The guilt that soldiers feel isn’t just morally expedient or species-adaptive. It is fitting because it gets right certain moral (or evaluative) features of a soldier’s world — that good soldiers depend on each other, come to love each other, and have duties to care and bring each other safely home. Philosophers, at least since the time of Kant, have called these “imperfect duties”: even in the best circumstances, we can’t perfectly fulfill them. And so, what duties to others need to make room for, even in a soldier’s life of service and sacrifice, are duties to self, of self-forgiveness and self-empathy. These are a part of full moral repair.I'm not quite sure what she's saying here, but the idea seems to be that soldiers should feel guilty in these situations, as they naturally tend to anyway, but that they should also get over it, presumably because they are not morally guilty (in the cases Sherman is talking about) in any objective sense. That is, they feel guilty, and so are "subjectively guilty," but have not done anything morally wrong, even though they caused something bad to happen. For instance, they might have installed a faulty piece of equipment that later killed someone.
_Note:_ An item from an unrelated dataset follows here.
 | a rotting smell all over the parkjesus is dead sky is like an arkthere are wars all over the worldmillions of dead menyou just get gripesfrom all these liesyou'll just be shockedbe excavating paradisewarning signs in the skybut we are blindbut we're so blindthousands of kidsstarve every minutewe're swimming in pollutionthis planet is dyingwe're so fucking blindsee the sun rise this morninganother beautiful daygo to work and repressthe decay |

Consequentialism says that what they did was morally wrong, and this is both a reason to reject consequentialism and (given that people very often do feel such consequentialist guilt) to recognize that consequentialism reflects some of our deepest moral attitudes/intuitions/feelings/beliefs, albeit very imperfectly. Perhaps what these soldiers feel ought to be (mere) regret, but what they actually feel (at least according to Sherman, and I'm sure she's right) is guilt. And, she argues, it is good that they do so. It shows their concern for their comrades. It shows their humanity, too, I think. But still, it's hard to say that someone should be crippled by guilt because of involvement in an accident. Hence Sherman's additional claim that these soldiers should forgive themselves. Which, of course, is easier said than done.
Her discussion makes me think of one of my former students, Shannon Meehan, who feels similar guilt for ordering an artillery strike on a building in Iraq that he thought contained armed insurgents but in fact contained an innocent family. They were all killed. It seems that the insurgents had deliberately set things up so that it looked as though explosive devices were being controlled from inside that house, perhaps as a distraction but quite possibly precisely in order to bring about the kind of guilt-inducing disaster that happened.
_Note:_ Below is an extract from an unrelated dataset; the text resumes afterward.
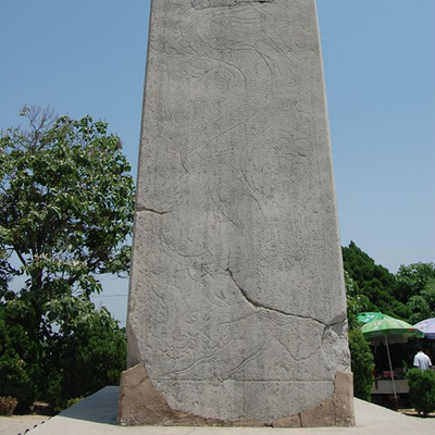 乾陵无字碑,为武则天所立。位于陕西省咸阳市区西北方五十公里处的乾陵,在乾陵司马道东侧,北靠土阙,南依翁仲,西与述圣纪碑相对,奇崛瑰丽,巍峨壮观。

It seems to me that Shannon is not guilty, but, as Sherman suggests, it is probably a good thing that he feels guilty. As long as this does not continue to be a major burden for him for the rest of his life. I hope he can, if not forgive himself (that doesn't seem like quite the right idea), at least come to terms with what happened and what he did. This might be made harder by the weird thought that terrorists are (or might have been) trying to get inside his head to make him feel guilty, but that's just another reason to try to reduce the subjective guilt to something closer to regret. Consciously working to manage an appropriate feeling of guilt, though, might well feel immoral. The conscience should perhaps be left alone. But the feeling of guilt can hardly be ignored, nor can thoughts about what we have done and caused in the past. At least I don't think these things should be ignored. "Je ne regrette rien" always seems like a celebration of callousness to me.
I suspect the timing of Sherman's piece may have to do with the 4th of July. Other notable anniversaries this weekend include Franz Kafka's birthday yesterday and this blog's anniversary the day before that. So it's a good time for some fireworks.